Читать книгу Principles of Plant Genetics and Breeding - George Acquaah - Страница 301

One unique attribute found only in the apomictic backcross hybrids, irrespective of their possessing a 38‐chromosome (20Mz + 18Tr) or 39‐chromosome (30Mz + 9Tr) constitution, is the maintenance of their genetic composition. Theoretically, apomictic individuals will reproduce a genetic copy of themselves through the seed they produce. However, studies focused on this behavior in maize‐Tripsacum hybrids have proven this will not necessarily be the case.

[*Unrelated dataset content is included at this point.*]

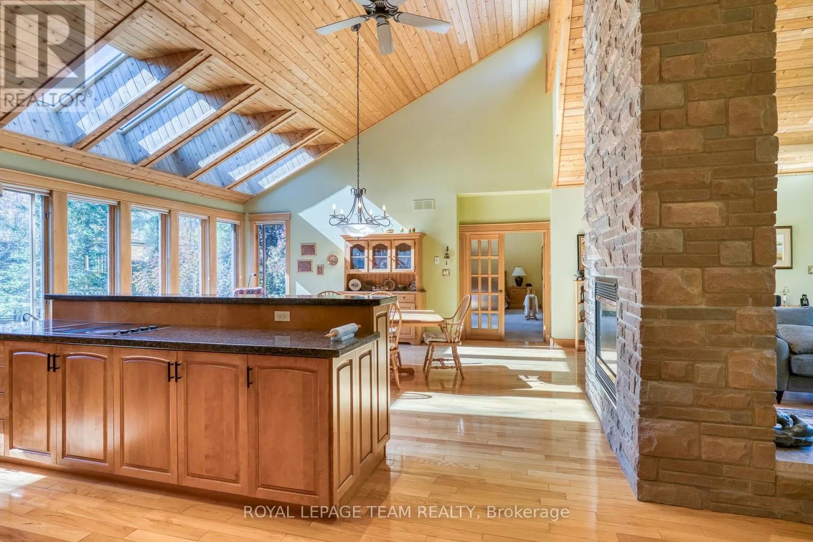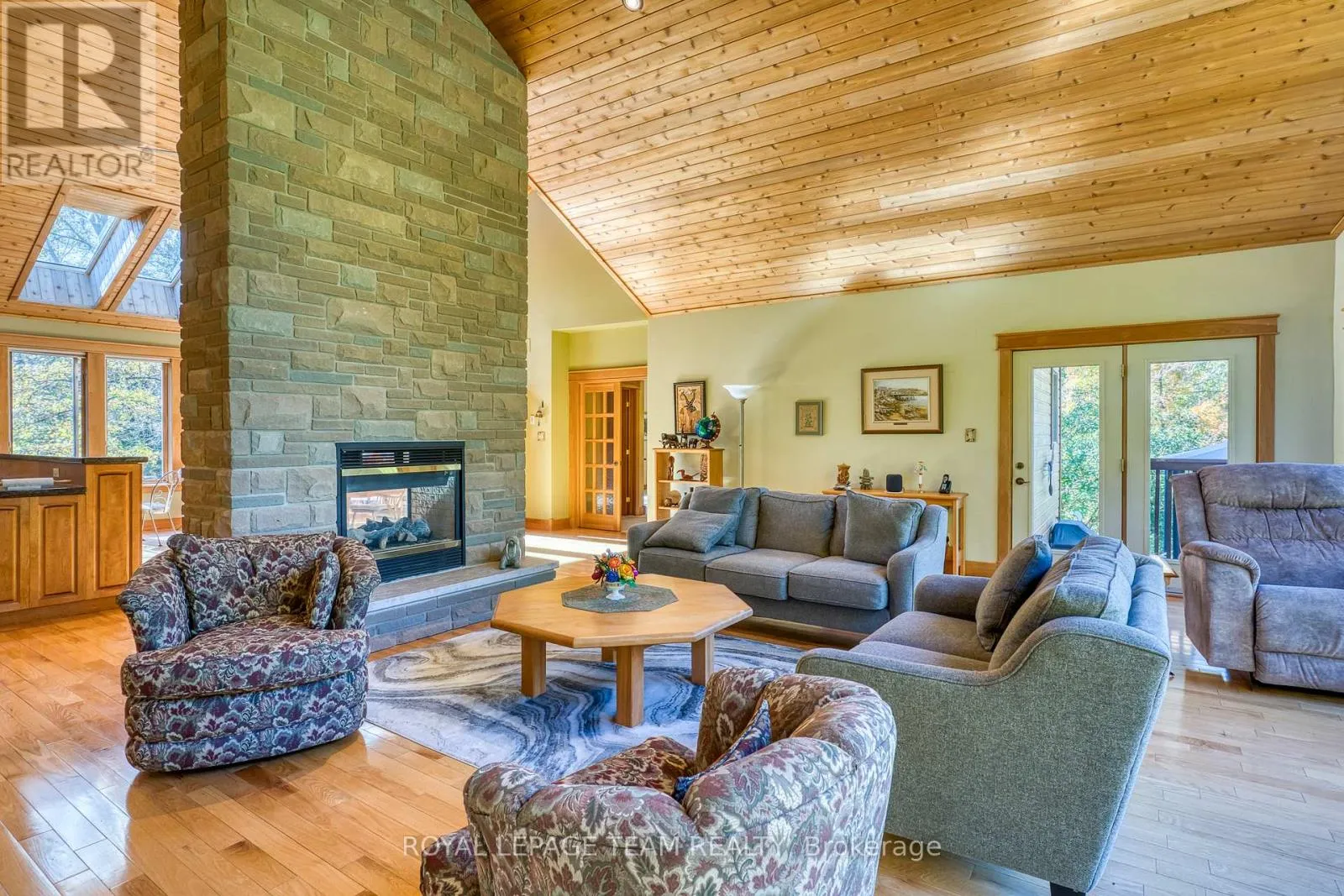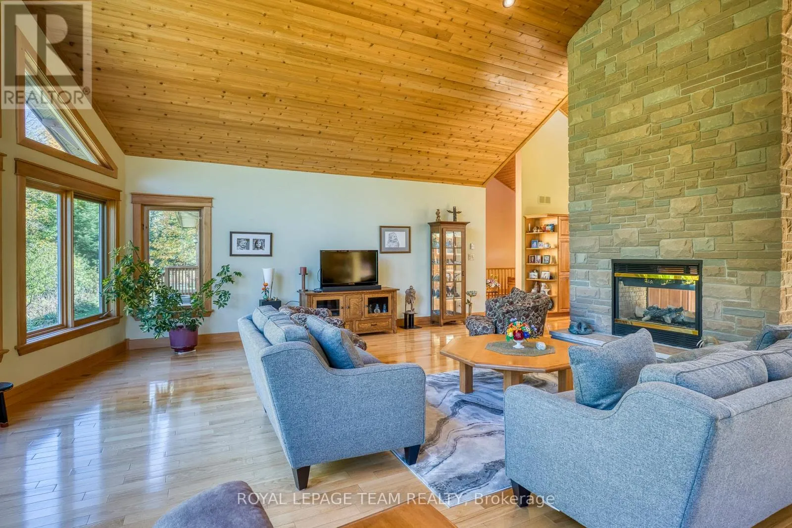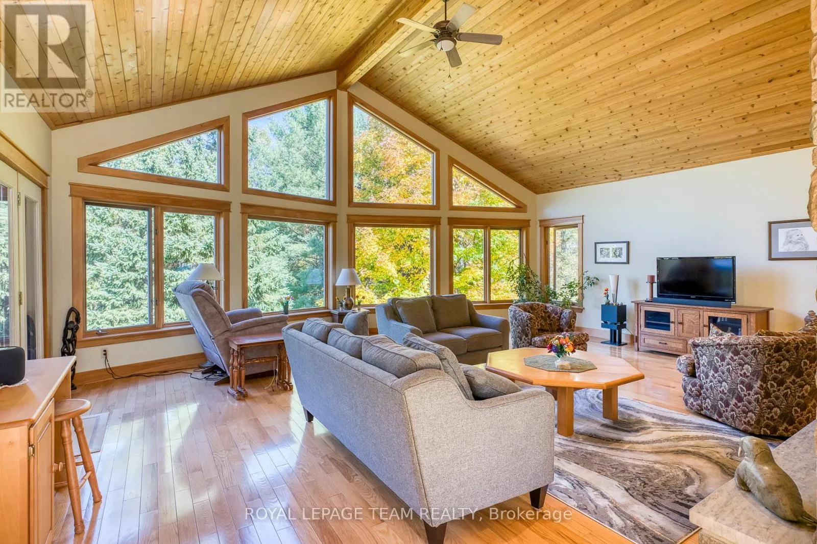 Cross Streets: Wolf Grove Rd and Con 3 A. ** Directions: Wolf grove Road, west of Almonte. Turn left onto Ramsay Con 3 A. S-T-R-E-T-C-H O-U-T Impressive custom built bungalow which shows pride of ownership!! Wide welcoming foyer to greet your guests. SPECTACLAR open concept kitchen, dining room and living room with soaring vaulted ceilings and a two sided gas fireplace!!, Huge windows allows the sunshine to pour in. There is direct access from the living room to a huge deck overlooking your peaceful, private back yard. A perfect place for your next family BBQ. Loads of room for the whole family with 3 + 2 bedrooms and 3 bathrooms. The primary bedroom is complete with two walk in closets + a 5 piece ensuite You are sure to appreciate the 4 season sunroom + the main floor laundry. Both bathrooms on the main floor have heated floors. You will be impressed with the lower level which features 9 ft ceilings, heated floors and huge sun filled windows. The family room with a cozy wood stove is the ideal place to enjoy family gatherings. You will also find a full 4 piece bathroom, workshop and utility room + loads of storage space. The two car garage has inside access to the main level and direct access to the workshop in the lower level. A perfect place to work on your crafts and hobbies. The detached 24ft x 40ft garage provides 2 more parking spaces + room for tools and equipment. The Generac will give you peace of mind no matter what kind of weather you experience. The 80 acres offers you plenty of "room to roam" with miles of trails. Ideal for hiking, walking, cross cross country skiing, snowshoeing+++. Year round enjoyment. Peaceful setting with easy access. Check out the drone video (id:27476)

First division restitution (FDR) can lead to chromosome doubling in intergeneric hybrids of various grasses, of which many are of polyploid or of complex polyploid origin (Xu and Joppa 1995). Consequently, unreduced gametes bypass the reductional division and are generated only by a normal equational division. This behavior can occur during megasporogenesis or microsporogenesis; however, in the case of pollen sterile apomictic maize‐Tripsacum hybrids, this behavior impacts genetic change by way of the megaspore. Studies utilizing both molecular and phenotypic evaluations have suggested that an FDR event can occur in apomictic Tripsacum dactyloides resulting in genome alterations in an apomictic genotype (Kindiger and Dewald 1996). This behavior has been visually verified by the occasional discovery of major chromosome rearrangements involving Mz6L, Tr16L, Mz2S, and other unknown maize and Tripsacum chromosomes during routine cytogenetic investigations involving both apomictic 38‐ and 39‐chromosome maize‐Tripsacum hybrids. This component of diplosporous apomixis in Tripsacum and maize‐Tripsacum hybrids has not been well studied or addressed.

Evaluation of both apomictic 38‐chromosome and 39‐chromosome individuals that have been increased over several locations for a minimum of 15 years (Figure B6.6), has shown that a low level of genome reorganization does occur, sometimes resulting in genome loss. This behavior is well documented in some of the apomictic Petrov materials and can only be visualized following the passage of time. The generation of a Mz6L‐Tr16L translocation is quite likely a product of this type of behavior (Kindiger and Dewald 1996; Kindiger et al. 1996b). In addition, a long‐term (15+ years) selection program in a 38‐chromosome (20Mz + 18Tr) apomictic genotype has resulted in a pollen sterile, apomictic line that has a near‐perfect resemblance to maize in its plant and ear characteristics (Figure B6.7a,b). Consequently, the occurrence of FDR events in apomictic maize‐Tripsacum hybrid should generate some concern regarding the development of apomictic off‐types which, over time, would increase the genetic non‐uniformity of a particular genotype.

Figure B6.6 A series of 39‐chromosome maize‐Tripsacum (30Mz + 9Tr) hybrids growing at the Japanese National Livestock and Grassland Research Institute, Nishinasuno, Japan.

Figure B6.7 (a) (left). A highly maize‐like 38‐chromosome apomictic maize‐Tripsacum hybrid. This selection has none or few tillers and exhibits a distinct maize phenotype. (b) (right). A top and second ear taken from one of these highly maize‐like apomictic individuals. Note the eight rows on the ear is rarely found in other apomictic maize‐Tripsacum hybrids.